My first day in Minsk I met Natacha. She was preparing food for apprentice actors. She was ridding and I was sitting alone watching her spin around the table, graceful and abrupt. I took her in picture, she played a medieval ballad on the piano and I kissed her.

I went back to France, I studed a Russian dictionary for 2 months, I came back. One February night, it was minus 38 degrees celsius. I loved her, I was stuck.

I made this trip a dozen times. From her childhood I know little and she didn’t tell me much about her post-Perestroika youth, it was survival.

During 6 months I photographed the city, Belarusian artistsa and a cemetery of mass executions. I was trying to understand history, Bolshevism, Nazis, Communism, Chernobyl, Lukashenko today. Policy of omission and omerta.
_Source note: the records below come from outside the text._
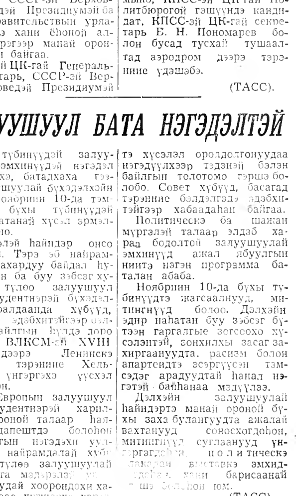
Угарага мүнөө эхилнхэй. Тэрэндэ манайшэ ресс...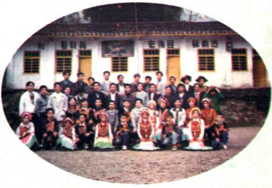
1997年南门小学与马边白家湾小学结为兄弟学校，图为南小部分教师与白家湾小学教师在白家湾小学合影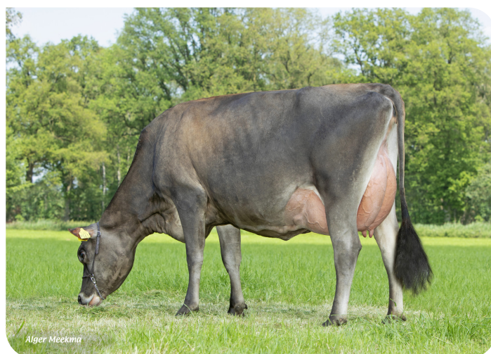
Jessy 9561 (v. Trenton Pp) Fig.: Mts. ter Mors, Haakbergen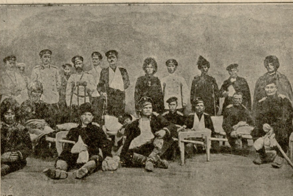
ტურენჩინის პრძილამ დაჭრილი რუსის მღვდელი, ავიფრება და ჯარის-კაცია.

გაკეწაშებული ვარსკვლავი. დაიღ, ეს ვახლდათ ვარდი იგი მშენდა მთელს არე-მარეს სიკაცის მომგვრელს სურნელუბას და ჰაერს ატკობდა. თვალ-გადასვილებელი კაპარა დაფერადებულ ბუნებისა იმის უცხო ატლასის ფერს მოსახამში ჯადო მოსმულის ყმაწვილის ქალის გულ-მეყრდილით ეღვარებდა და ცის ღვთაებრივ დავლურს უფლიდა.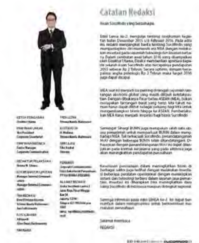
Gambar 4. Desain Terpilih

Bagian cover , gambar satu halaman penuh dan penggunaan sedikit elemen agar menciptakan kesan elegant dan sederhana. Bagian nameplate adalah mandatory element dari brief yang diberikan klien terletak di ujung kiri atas cover dan berwarna kontras dengan latar belakang. Pada latar belakang maincoverline terdapat bentuk persegi panjang berwarna putih sebagai latar belakang agar meningkatkan keterbacaan teks, bentuk persegi panjang ditransparansi agar tidak menghalangi main image .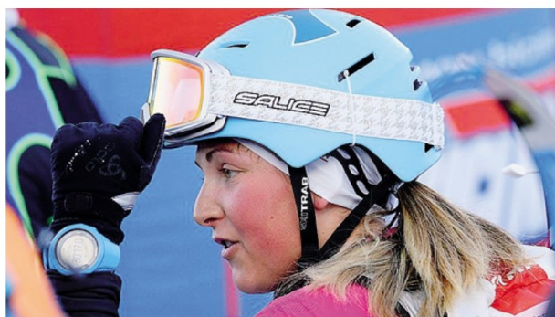
L'azienda si occupa soprattutto di occhiali per il mondo dello sport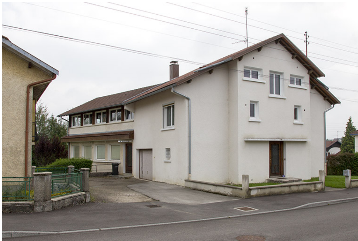
Maison et atelier de Jean Morel (au n° 2) : vue d'ensemble, depuis le nord.

25, Charquemont, 2 et 4 rue de la 1ère Armée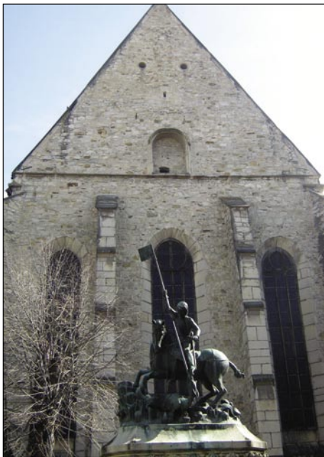
Sveti Jürrij je bujo zmaja

raši pa delüje dosta drügi vogrski pa romanarski teatrov ranč tak. Skoro na vsikšom trgi najdemo kipe romanarski junakov: fiškališ Avram Iancu se je biu prauti Mad-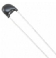
ERZ-E05A201 Panasonic Electronic Components VARISTOR 200V 1.2KA DISC 7MM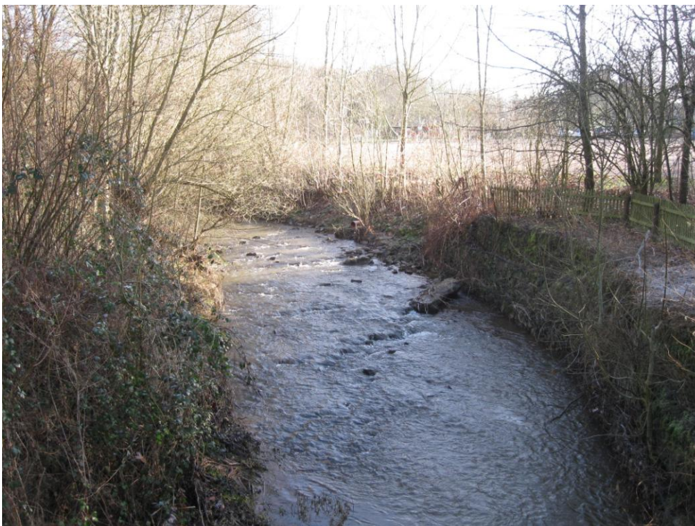
Festplatz Illingen, Zustand 2011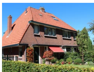
6 Tips voor de woningeigenaar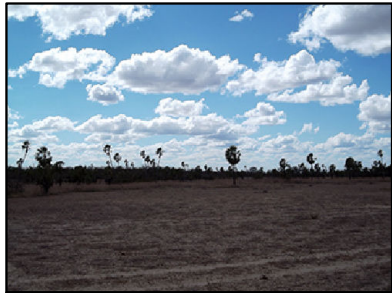
32 Planossolo Nátrico alocado em Terraço Fluvial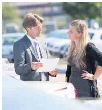
In vielen Kfz-Meisterbetrieben ist weiteres Informationsmaterial erhältlich - ein Flyer beantwortet die am häufigsten gestellten Fragen zum Thema E10.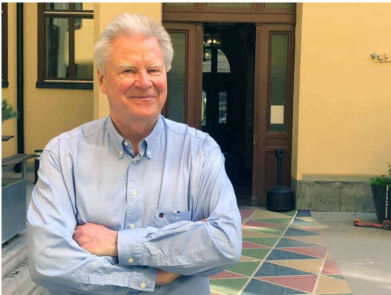
Foto ur artikeln i Arbetsvärlden 14/6 2021: ”Expert: ”De förbund som inte skrivit på borde ta sig en funderare”” https://www.arbetsvarlden.se/expert-de-forbund-som-inte-skrivit-pa-borde-ta-sig-en-funderare/ under pressträff på Arena Idé 21/5 2019.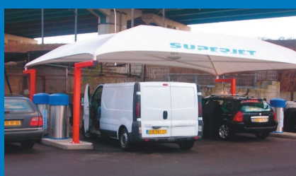
Sécurisation par surveillance vidéo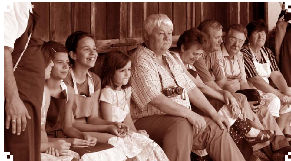
Köténykötés után - pillanatkép a 2010-es táborból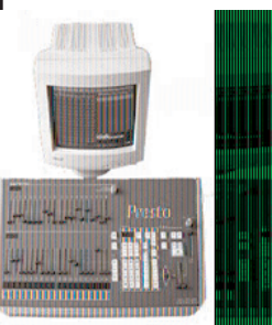
STYRNING FRÅN VALFRITT DMX-LJUSBORD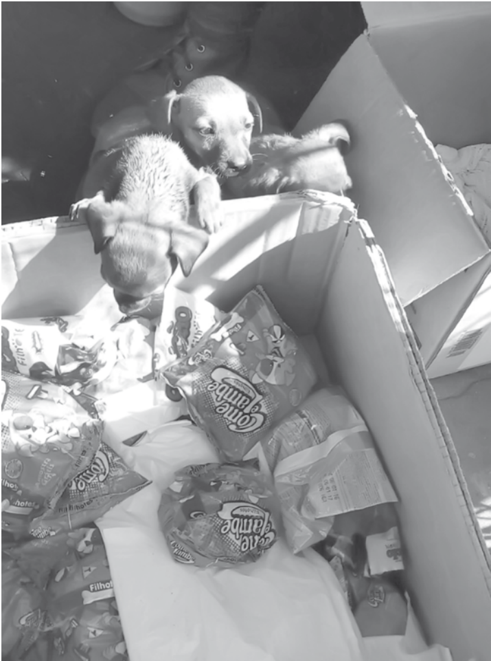
Filhotes encontrados abandonados perto do Recinto de Exposições

Segundo a cuidadora, os custos mensais, que giram em torno de R$ 2 mil, dificultam, porém, não “falam mais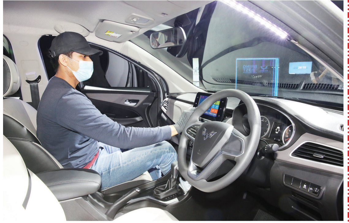
车内舱充满智能系统

【本报讯】五菱汽车通过其旗舰MPV多功能汽车,在本国的汽车界得到赞赏。Cortez CT在2020 Grid Oto活动中获得两项大奖。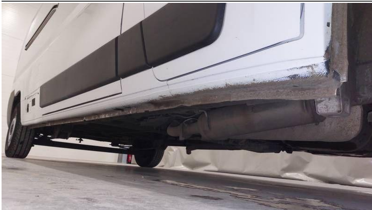
Fot. nr 69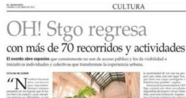
Notas en diarios nacionales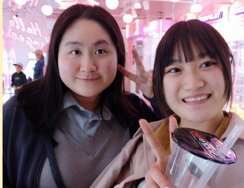
↑中華街にランチを食べに行きました。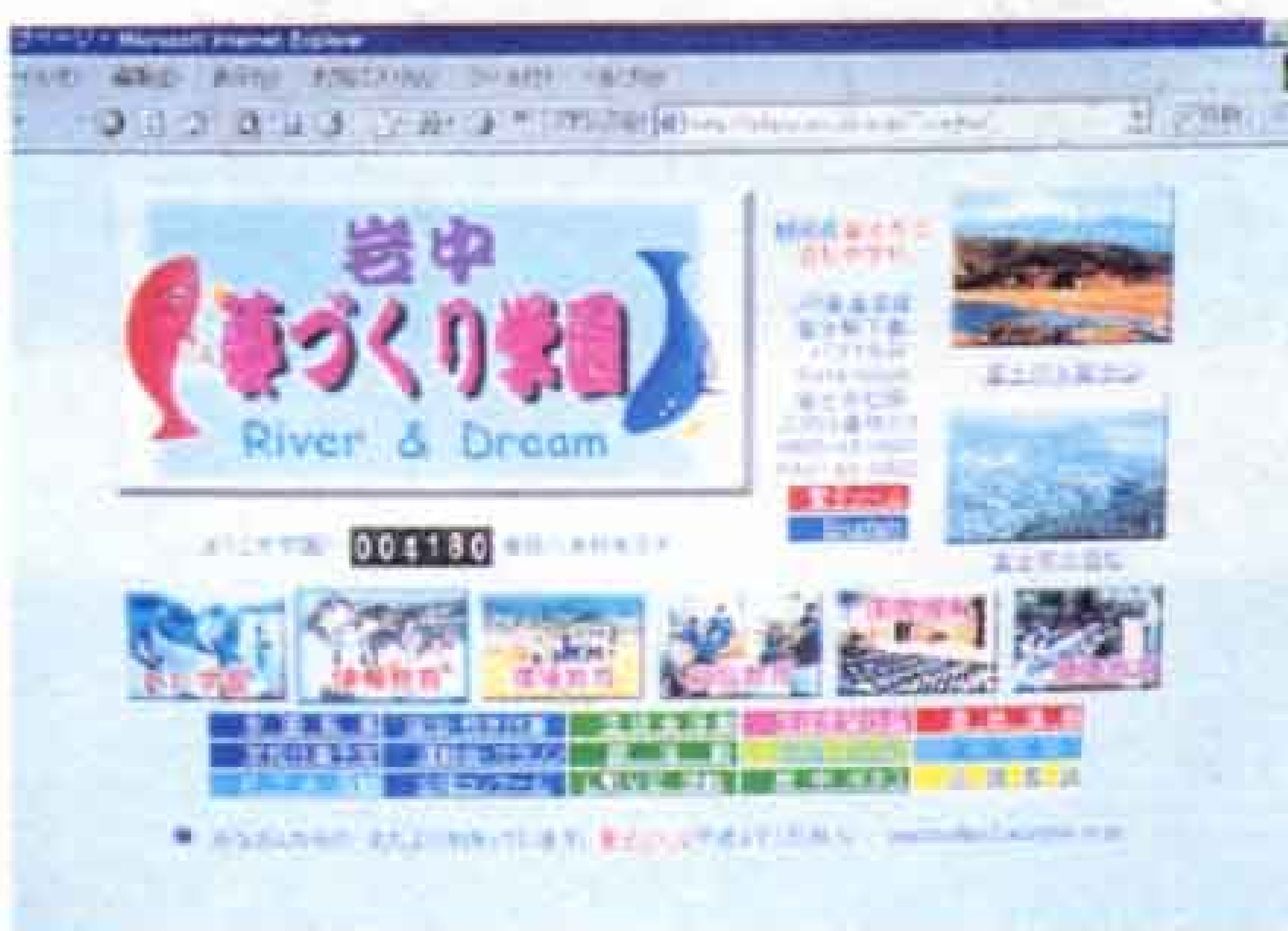
▲インターネットを通じて学校紹介や学校での出来事のお知らせを提供している学校もあります（岩松中学校のホームページ）。

▶中学校でも、各教科でパソコンが使われているほか、選択授業や部活動でも利用されています（富士南中学校パソコン部）。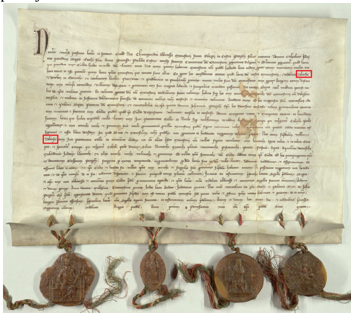
Listina s nejstarší písemnou zmínkou o Záboreň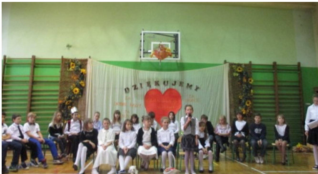
Uroczysta akademia na Dzień Nauczyciela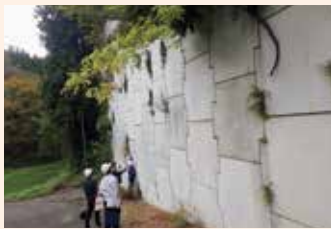
現地調査への職員派遣

The silence, always.

Politics ? She did not care. I tried to understand her through all that. But did I really try to understand her? I wanted to change her, as I wanted this country to change.
I never knew, during these four years, where I lived. I believed for a moment of love and revolution. I lost her. Lukashenko is still president for 26 years.

Dictatorship is history that we don’t go beyond. A wait without consolation. Because the suffering, the memory of a people or a person, remains buried. Misunderstood.
I don’t know, I can’t explain what she did not say.
But I saw her beauty and lightning unfold and resist, gray day after gray day.